You can learn more about trading cryptocurrencies with Capital.com in our comprehensive guide to cryptocurrency trading

Aside from CFDs, you can also trade BTC pairs through instruments like futures, options, ETFs and mutual funds. Each offers an alternative to the leveraged trading of CFDs, suiting different risk profiles and strategies.

  

* Source: https://coinmarketcap.com/

FAQs

What is BTC trading?

Bitcoin trading involves buying and selling BTC, often aiming to profit from its price movements. Its high liquidity and volatility make it potentially suitable for both short-term and long-term trading strategies.

Traders can engage in various methods, such as spot trading on cryptocurrency exchanges, trading bitcoin derivatives like futures and options or using contracts for difference (CFDs) on platforms like Capital.com.
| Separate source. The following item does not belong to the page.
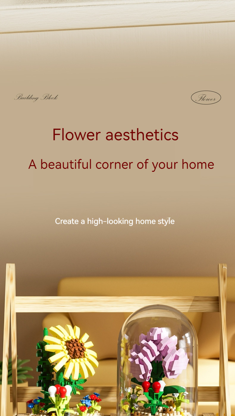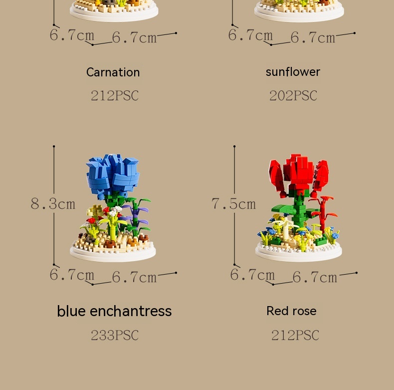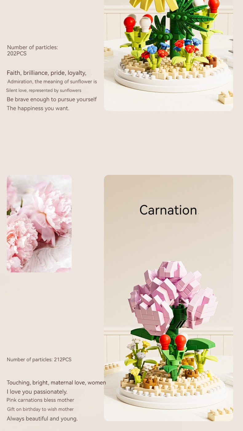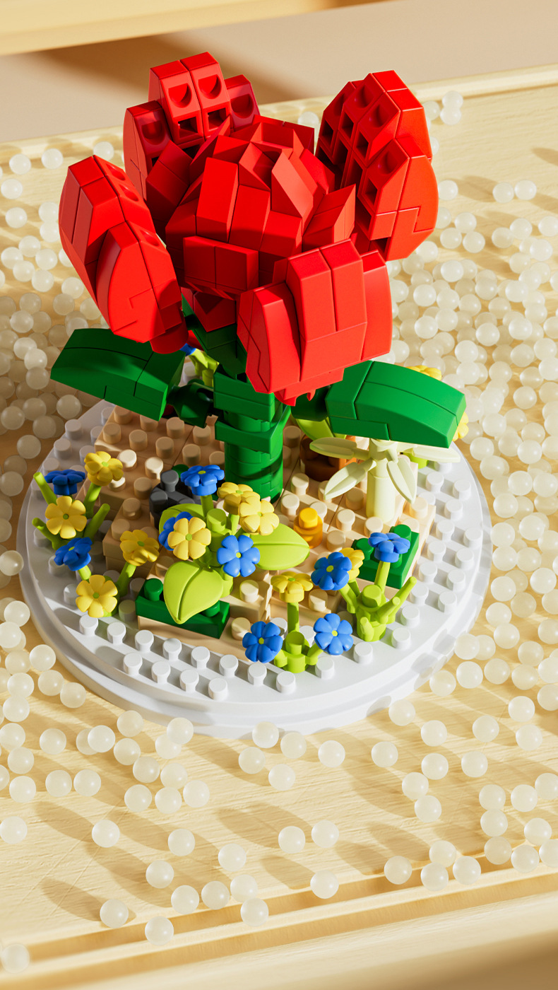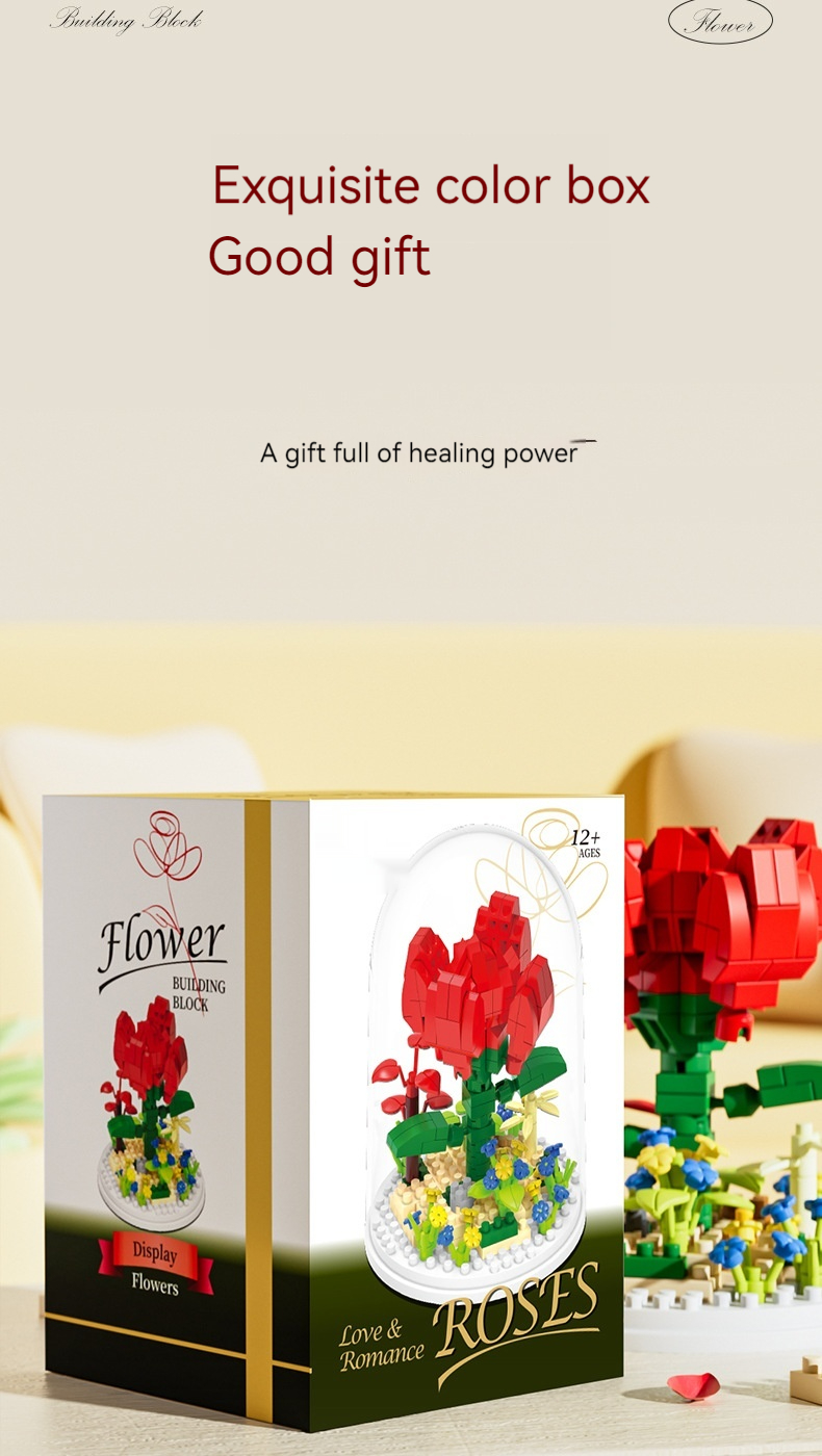 Small Particle Building Blocks Flower Toy Assembled Gift Preserved Flower Ornaments

What is wrapped bitcoin (WBTC)?

Wrapped bitcoin (WBTC) is a tokenised version of Bitcoin that can run on other blockchains – such as Ethereum

WBTC is pegged 1:1 with BTC, meaning each WBTC represents one BTC held in reserve by a custodian. The purpose of WBTC is to bring BTC's value and liquidity into the world of decentralised finance (DeFi), where it can be used in smart contracts, lending, staking and other DeFi applications.

By wrapping BTC into an ERC-20 token, WBTC allows traders to use BTC on platforms that are incompatible with BTC's native blockchain.

How does bitcoin trading work?

Bitcoin trading works by exchanging BTC with other assets, typically fiat currencies like USD or other cryptocurrencies. Traders might analyse market trends, use technical indicators and monitor news events to make better–informed decisions. Making a trade involves placing an order on a trading platform, which executes once market conditions meet their specified criteria.

Traders could choose to do this directly – by owning and transferring BTC – or indirectly through financial instruments like contracts for difference (CFDs), which allow traders to speculate on price movements without owning the underlying asset.

What are the best platforms to trade bitcoin?

The best platform to trade bitcoin depends on your individual needs, such as trading features, fees, security and user experience.

  • Cryptocurrency exchanges offer spot trading with advanced tools.

  • Derivatives trading platforms provide futures and options contracts.

  • CFD brokers like Capital.com allow you to trade BTC/USD with an user-friendly, intuitive platform and educational resources.

Choose a platform that aligns with your unique trading preferences, and learn the potential benefits and disadvantages of each prior to trading with real money.